Now run the python script to launch the application and execute our JS code.

$ python frida-hook.py 
Script loaded successfully .....

Our JS Code is successfully loaded now, lets send a request by pressing the Button.

And if we only want to observe runtime data encrypted and decryption, comment the rest of the code except cipher.doFinal method from our js file.

For iOS please use Frida iOS Hook to get AES Secret Key and IV

Configuring AES Killer

Now that we have our Secret Key, IV Parameter and Encryption method from Frida hooking too

  • Cipher - AES/CBC/PKCS5PADDING

  • Secret Key - YWFhYWFhYWFhYWFhYWFhYQ== which is base64 of aaaaaaaaaaaaaaaa

  • IV Parameter - YmJiYmJiYmJiYmJiYmJiYg== which is base64 of bbbbbbbbbbbbbbbb

  • As the application is sending complete request body encrypted, so we’ll select Complete Request Body from Request Options

  • The application is getting encrypted string in response, so we’ll select Complete Response Body from Response Options

  • Host - http://127.0.0.1:1337

  • Now Press Start AES Killer

Decrypting the Application Traffic using AES Killer

Upon starting AES Killer, we can observe that the Burp has started to show us decrypted traffic while Burp sending encrypted traffic to the application and server.

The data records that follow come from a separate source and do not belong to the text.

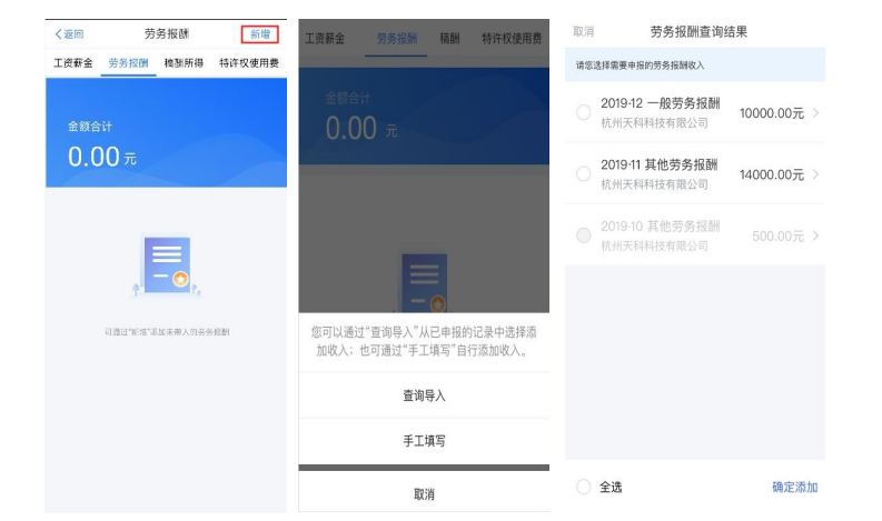 系统将自动归集您在纳税年度的收入纳税数据[工资薪 金、劳务报酬(保险营销员、证券经纪人)、特许权使用费所得],并直接预填至相应申报栏次。其他劳务报酬和稿酬 所得的填报,见本场景填报方式 1 第三步中的【新增劳务报酬或稿酬】。
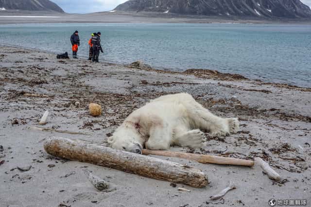 「幾乎每年在斯瓦巴島上都會有一隻北極熊因為和人類衝突被殺,或是人類為了保護住處的安全而射殺北極熊。」
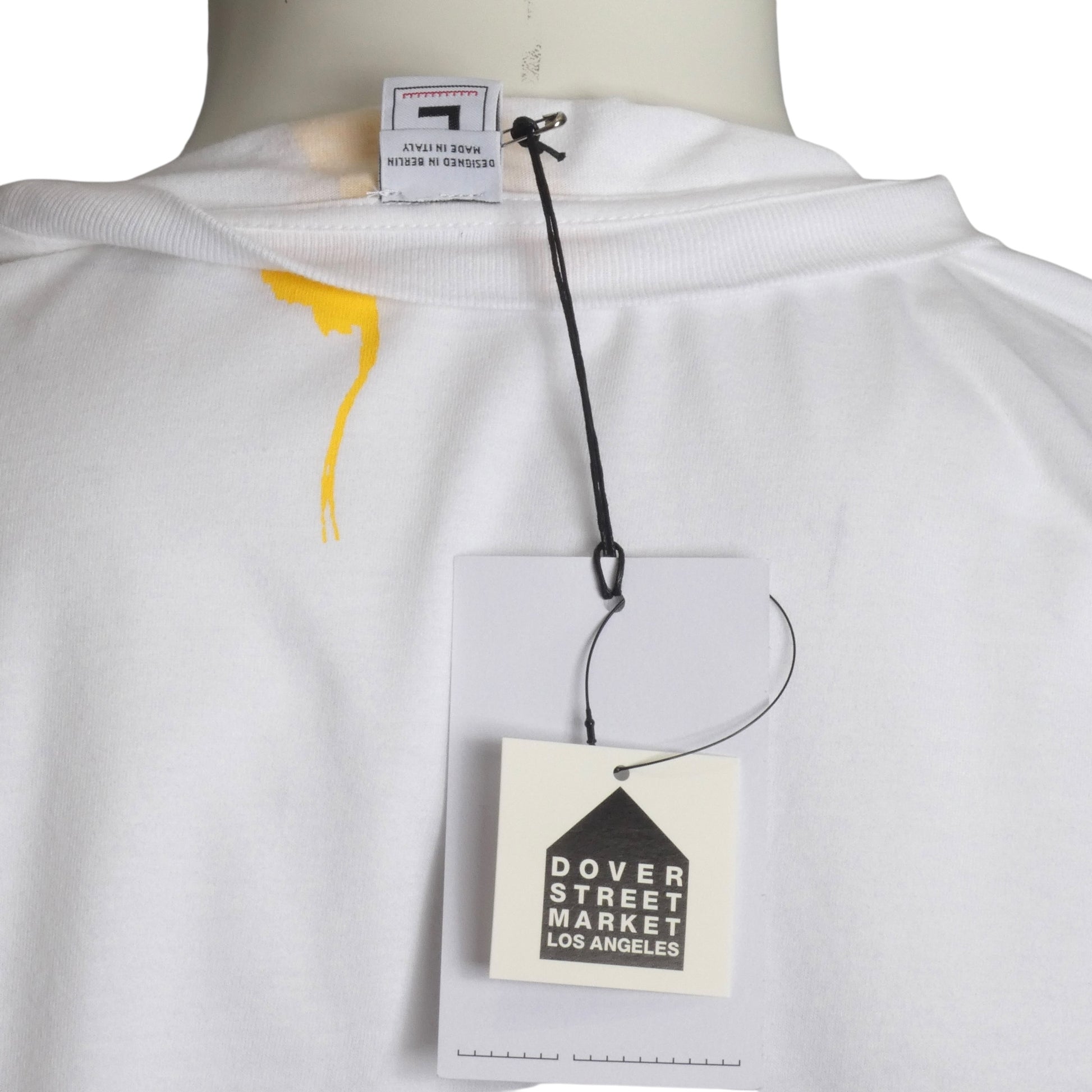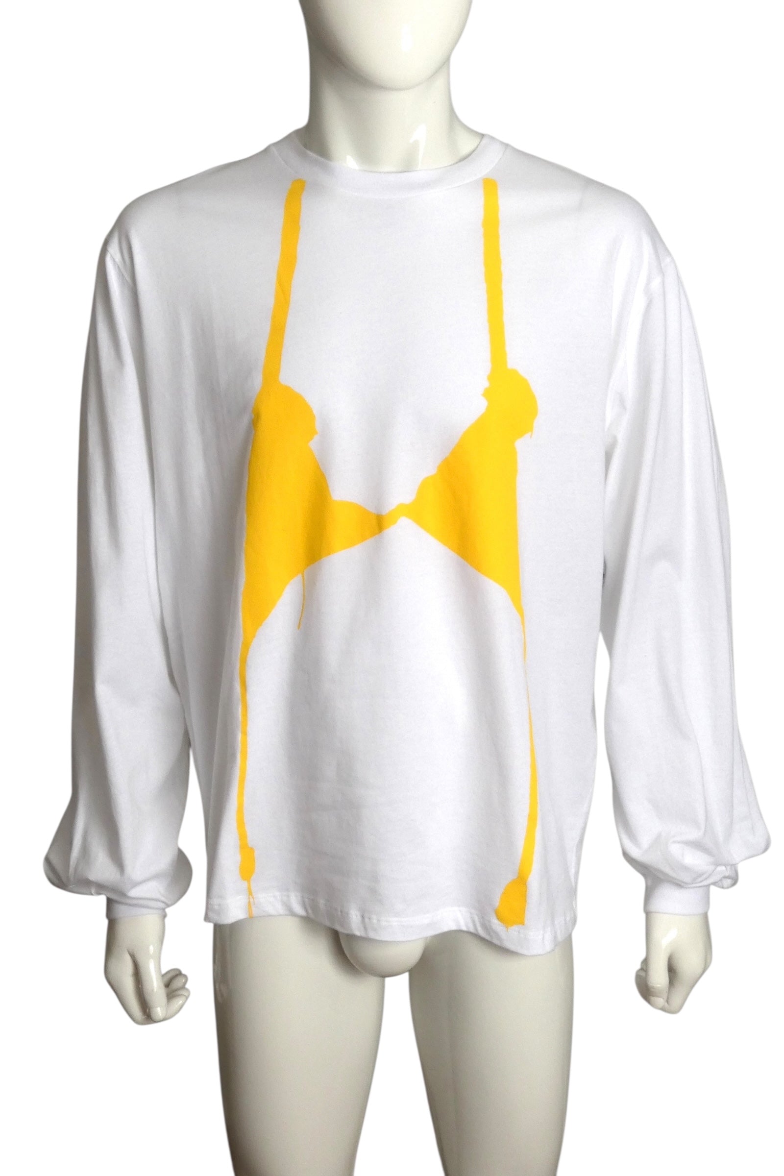 Description: This fun Random Identities long-sleeve tee in size large showcases a white and orange cotton fabric with a playful bikini top print on both front and back. It features a comfy round neckline, long sleeves, and a straight hem. Brand new with original tags, it’s never been worn—ready to bring a splash of quirky style to your wardrobe!
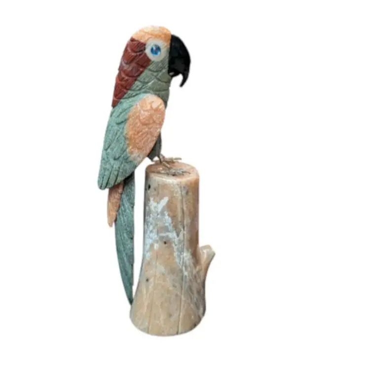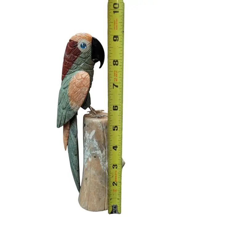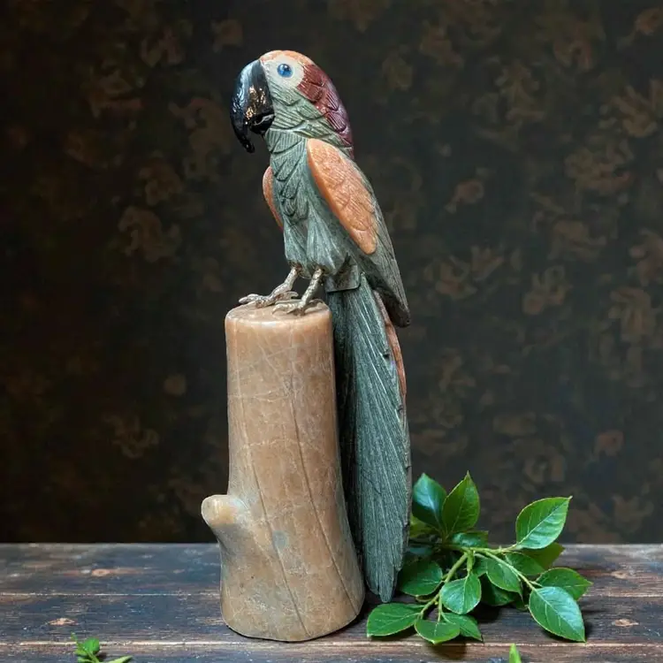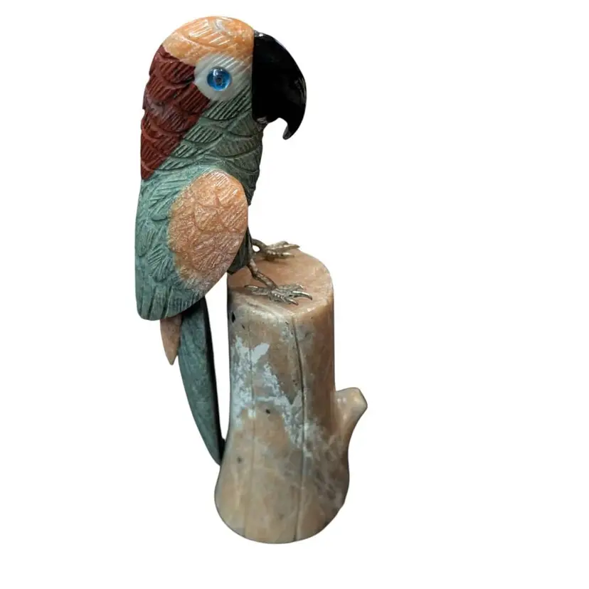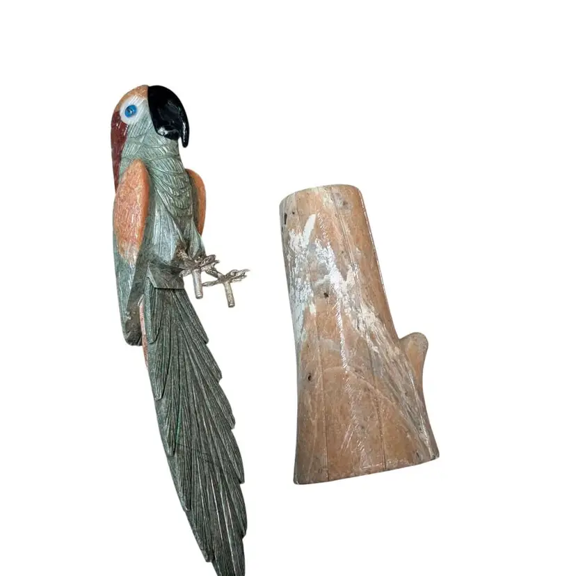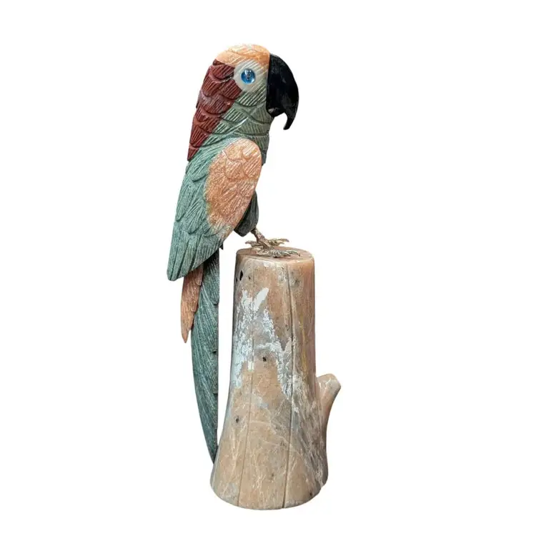 Carved Stone Unakite Blue Quartz Jade Sodalite Parrot Bird On River Stone Log. This is an amazing piece - this full parrot and the log it sits on are all made from carved stone. The parrot has brass feet with pegs that sit inside the log for it to "perch". The details and colors of this are just awesome and it is in overall excellent condition, no chips or cracks. This stands about 9.25" tall and would make an excellent gift for a rock hound or a bird lover! Weighs in just under 3#s

AES Killer with Repeater, Intruder and Scanner

Once we start AES Killer, it takes control of Burp IHttpListener.processHttpMessage which is responsible for handling all outgoing and incoming traffic and AES Killer do the following

  • Before sending the final request to a server, ProcessHttpMessage encrypt the request
  • Upon receiving a response, ProcessHttpMessage decrypt the response first before showing it to us

So we’ll only be getting the Plain Text Response and can play with Plain Text request.

Manual Encryption and Decryption

We can also manually encrypt and decrypt strings using AES Killer. Let’s take an encrypted string from the request TYROd49FWJjYBfv02oiUzwRQgxWMWiw4W3oCqvNf8h3bnb7X0bobypFzMt797CYU and decrypt it using AES Killer. Similarly, we can perform the encryption too.